Ebun Okubanjo, co-founder and CEO of Bento Africa, has resigned amid allegations of tax and pension remittance failures. In an email to the company’s board, Okubanjo announced his departure and gave up his equity and debt holdings, effectively severing all ties with the payroll and HR tech platform.
This comes as Bento faces investigations from Nigeria’s Economic and Financial Crimes Commission (EFCC) and the Lagos State Internal Revenue Service (LIRS) over alleged non-remittance of employee taxes and pensions.
A Fresh Start with AI?
Despite the controversy, Okubanjo isn’t walking away from tech entirely. He hinted at launching Ada AI, an AI-powered sales assistant, signaling a pivot away from HR and payroll solutions. In his resignation email, he reflected on the challenges of scaling HR tech in Africa:
“If Africa adopts the Western style of taxation and remittances—these companies are gold mines. I use Gusto in the U.S. not because I want to, but because I have to. Until that happens—scale will be a challenge.”

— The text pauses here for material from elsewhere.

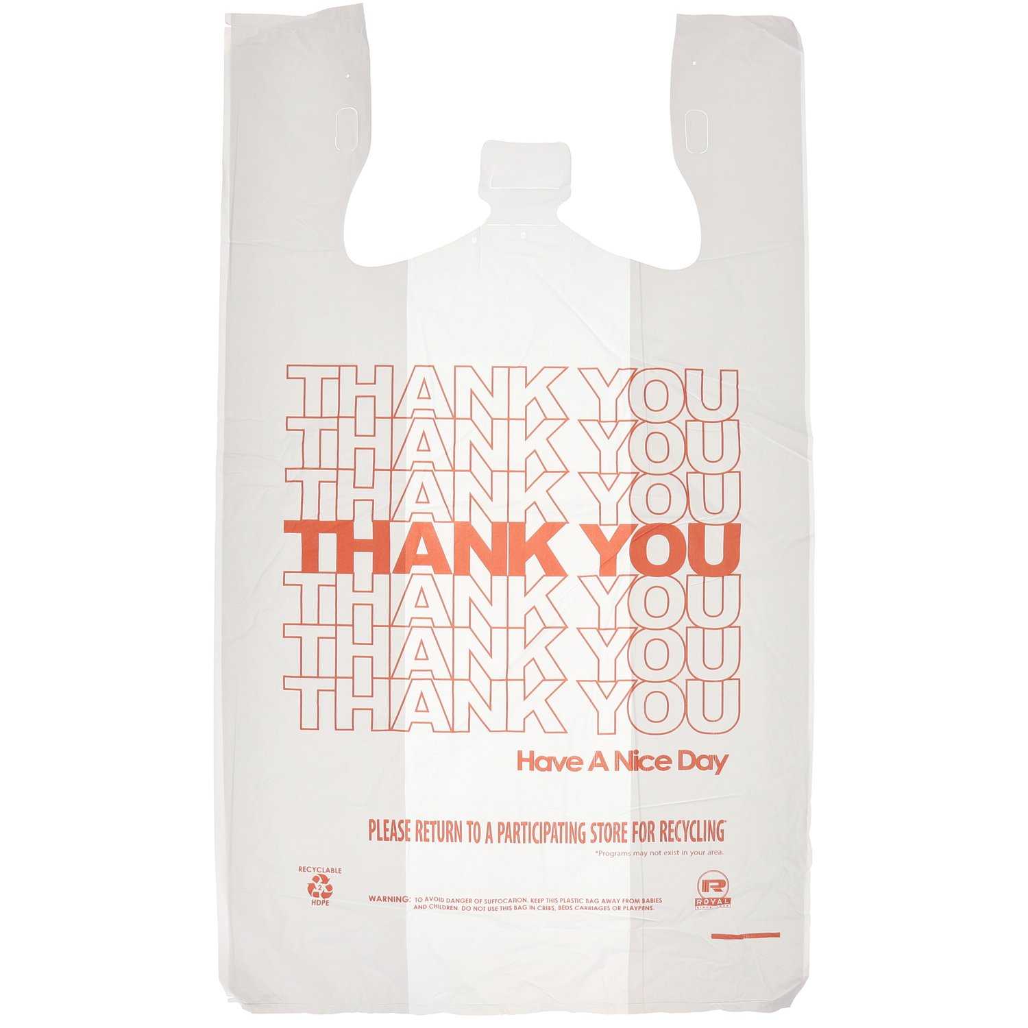 T-Shirt Thank You Bags, Medium, 14 Mic. A larger, heavy-duty t-shirt style bag with a "Thank You" message. The 14-mic thickness provides extra strength for heavier groceries and larger items.

Mounting Allegations Against Bento
Bento’s troubles escalated after Akintunde Sultan, co-founder of AltSchool, publicly accused the company of failing to remit taxes. Fuelmetrics, a digital inventory management startup, further alleged that Bento had withheld up to ₦50 million ($108,000) in tax and pension payments for 2023 and 2024.
Adding to the turbulence, some investors claim they were not immediately informed of Okubanjo’s resignation, with one stating that Bento rarely provided operational updates.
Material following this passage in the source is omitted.